Dicho esto, Auda saludó con una elegante inclinación y, antes de que Zohra pudiese moverse ni hablar, él se había marchado, en silencio, de la habitación.

Zohra comenzó a temblar. Las rodillas no la sostenían, y se dejó caer al suelo, tiritando, y escondió la cara entre las manos. Había visto al Paladín Negro ejecutar una magia que no era magia, o al menos así le había dicho Mateo. No era la magia de Sul, sino la magia del dios de los Paladines. La fe de Auda confería a éste poder, y él iba a utilizarlo con ella.

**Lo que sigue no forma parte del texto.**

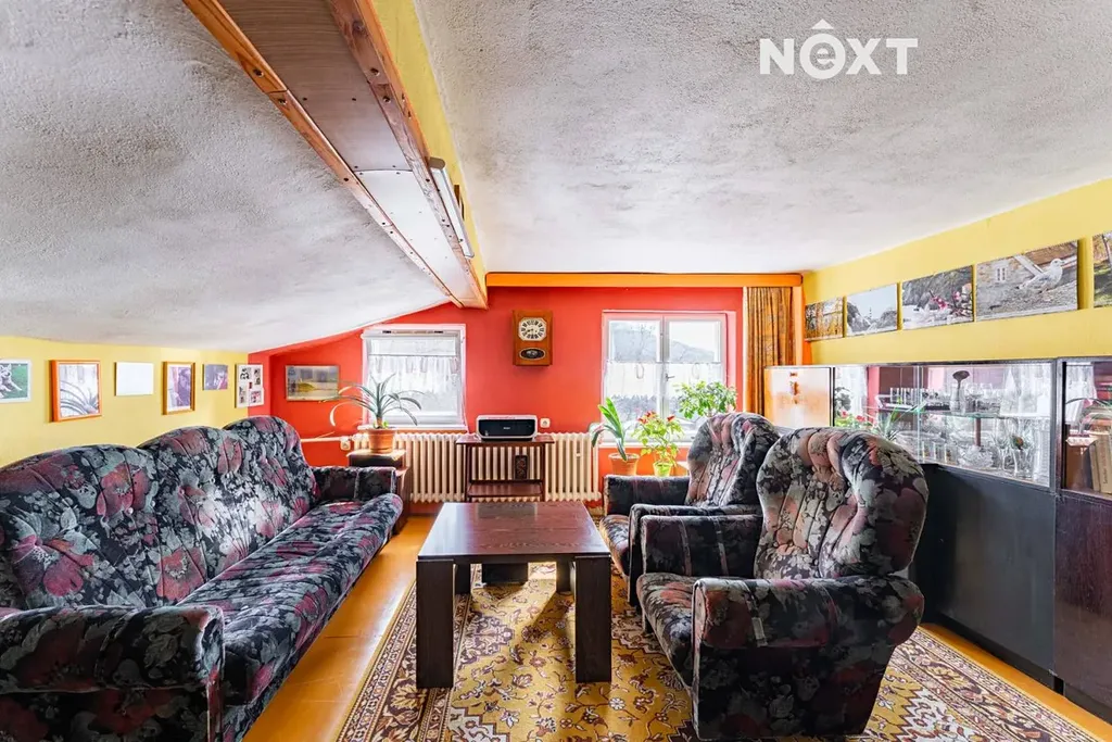 Horní patro pak nabízí další dva pokoje, kuchyni a koupelnu. Aktuálně je v původním stavu, což ale otevírá ideální příležitost vytvořit si prostor přesně podle vlastních představ. Může zde vzniknout další bytová jednotka, pracovna, ateliér, posilovna nebo prostor pro hosty.
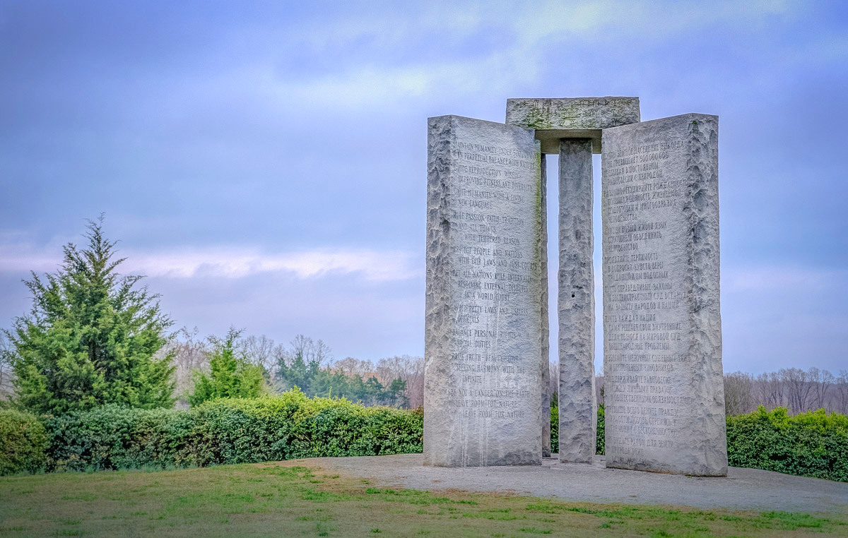 Представьте себе: в штате Джорджия (США) однажды стояли свои «Скрижали». В 1980-м году этот «монумент» построили по заказу некоего «Роберта Крисчена» (Крисчен = Christian, «христианин»). Надписи там были на разных языках, включая русский, английский, испанский, суахили и хинди.
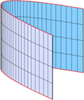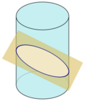 A cylindric section is the intersection of a cylinder's surface with a plane. They are, in general, curves and are special types of plane sections. The cylindric section by a plane that contains two elements of a cylinder is a parallelogram.[4] Such a cylindric section of a right cylinder is a rectangle.[4]
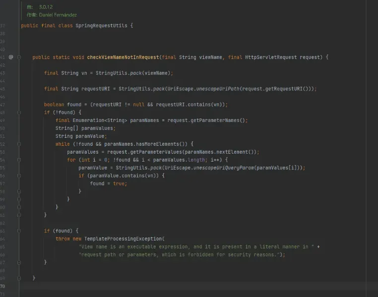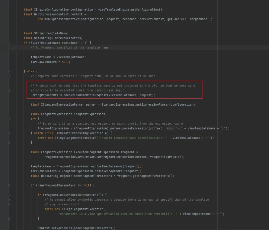除此之外,3.0.12版本在org.thymeleaf.spring5.view.ThymeleafView.java中引入了新的一行检测代码 ,此方法检查视图名中是否包含了直接来自用户 HTTP 请求输入的内容,如果包含则抛出异常,阻止渲染(值得一提的是这个方法只对传入参数为路径时生效)。

«Rezaré a Zhakrin y le pediré que te haga mía de voluntad»
.

Contra toda razón, contra su propia voluntad y su inclinación, Zohra, extrañamente, no podía evitar sentirse atraída hacia Auda ibn Jad.

Capítulo 13

Privada de pensamiento y razón coherentes, Zohra permaneció agachada en el suelo, en tembloroso estupor, hasta que un grito enloquecido procedente de Mateo transmutó su miedo por sí misma en miedo por otra persona. Poniéndose rápidamente en pie, corrió a su habitación aterrada de que Ibn Jad hubiese decidido pasar por alto su promesa.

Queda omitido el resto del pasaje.